William Shoemaker


Will Shoemaker

As former editor of the Gunnison Country Times newspaper, I’ve observed both personally and professionally significant change to our home  and surrounding backcountry brought by growth and development, and our community’s attempts — sometimes successful, sometimes less so — to mitigate this change. 

I’m a backcountry skier and snowmobiler and value multi-use recreation. That’s why I support Elk Mountains Backcountry Alliance’s efforts advocating for more effective management for our local backcountry. As much as I enjoy the thrill and convenience of a sled, I relish the feeling of long tours and hard-earned turns and strongly believe that some places should remain wild — that is, only accessible under human power. Growing use of our public lands by a wide range of winter recreationists demands a comprehensive winter travel management plan that protects opportunities for solitude and human-powered recreation and ensures a safe experience for all. 

Outside of ski season, I enjoy trail running, hunting and angling in the wild places and wilderness that are so abundant around us. I’m a strong wildlife advocate, board member of Gunnison Wildlife Association and longtime member of Backcountry Hunters & Anglers. The Gunnison Valley is one of the last remaining strongholds for intact habitat and healthy wildlife populations in Colorado, but encroaching development and recreational pressures threaten to change that. Our native wildlife needs our protection. 
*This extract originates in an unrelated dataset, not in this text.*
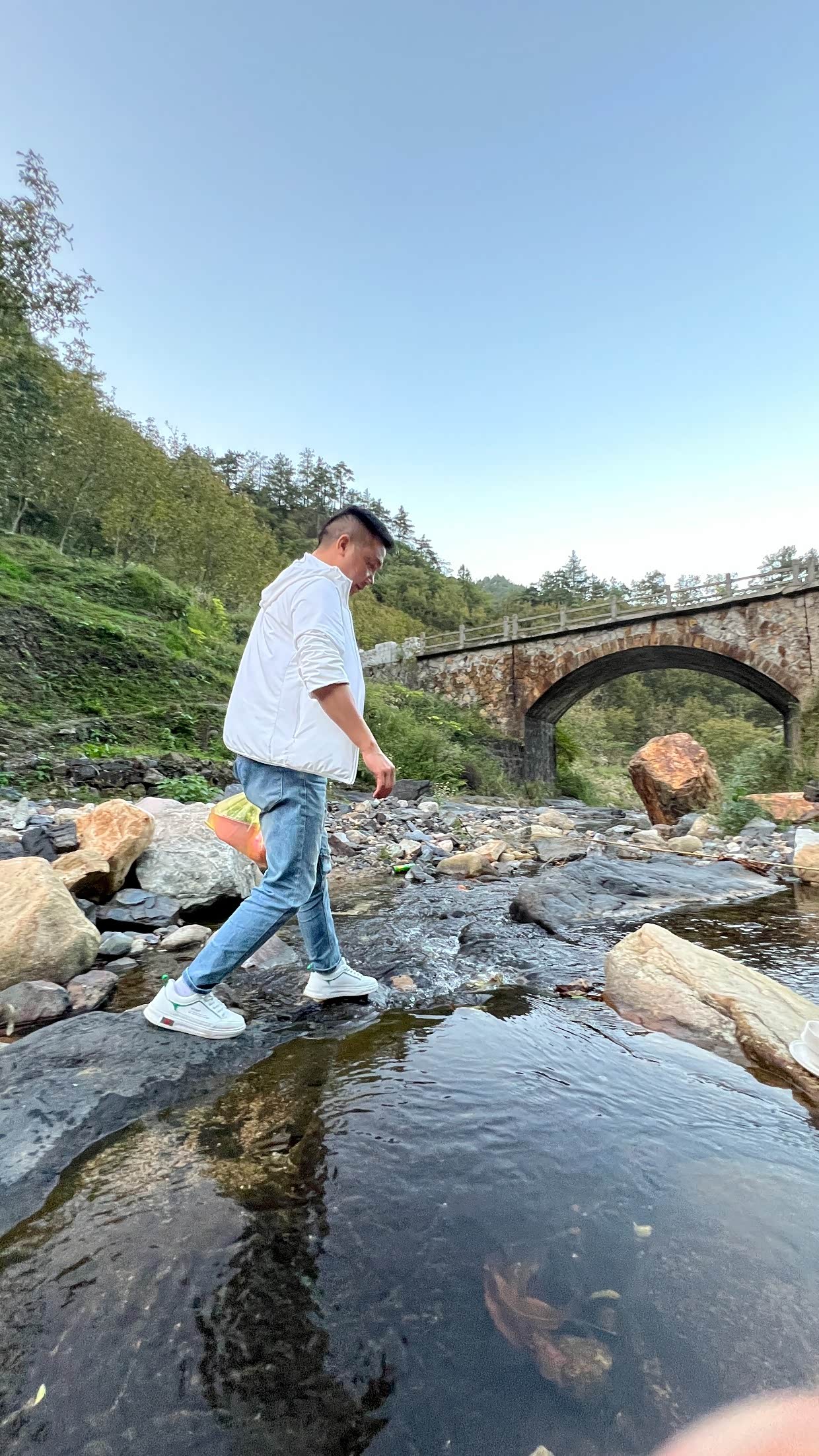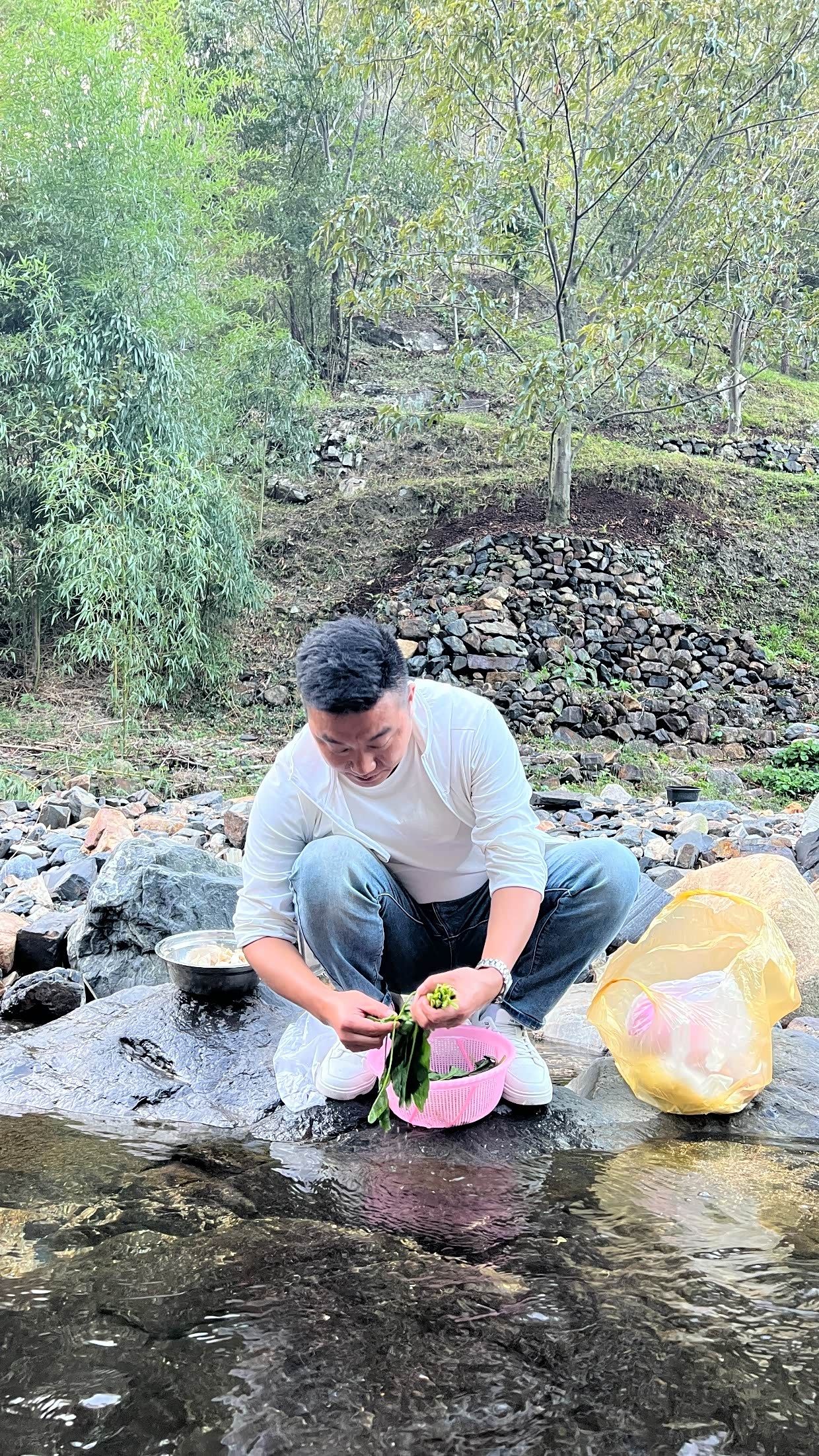 由于准备晚上露营在皖浙天路山顶,加上带的储水桶被扎了洞,装不了水了,索性的在山脚下找了条小溪,对带的菜进行天然无公害的清洗处理(文明露营,请随时带走垃圾,给其他人留下一片干净的环境,也体谅一下保洁人员的辛苦,做一个文明有素质的旅行者)

Currently, I work as Communications & Engagement Director for Advocates for the West, a public interest nonprofit environmental law firm that partners closely with Winter Wildlands Alliance and grassroots conservation organizations to protect wintering wildlife and quiet recreation. Through this work, I’ve seen elsewhere in the West just how effective a community-involved winter travel management plan can be in ensuring ample opportunities for a wide range of recreationists while protecting our natural resources and desire for solitude. 

Amid growing human pressures, planning for the future is more important than ever. It’s up to us to make sure that all we love about Crested Butte and the Gunnison Valley — its wild nature, spectacular views, and rugged character — remains for generations to come. Through this planning, I believe we can strike a balance that better protects our wild places, wildlife, and opportunities for quiet recreation, while ensuring ample opportunities for all recreationists. 

We can only find that balance by coming together.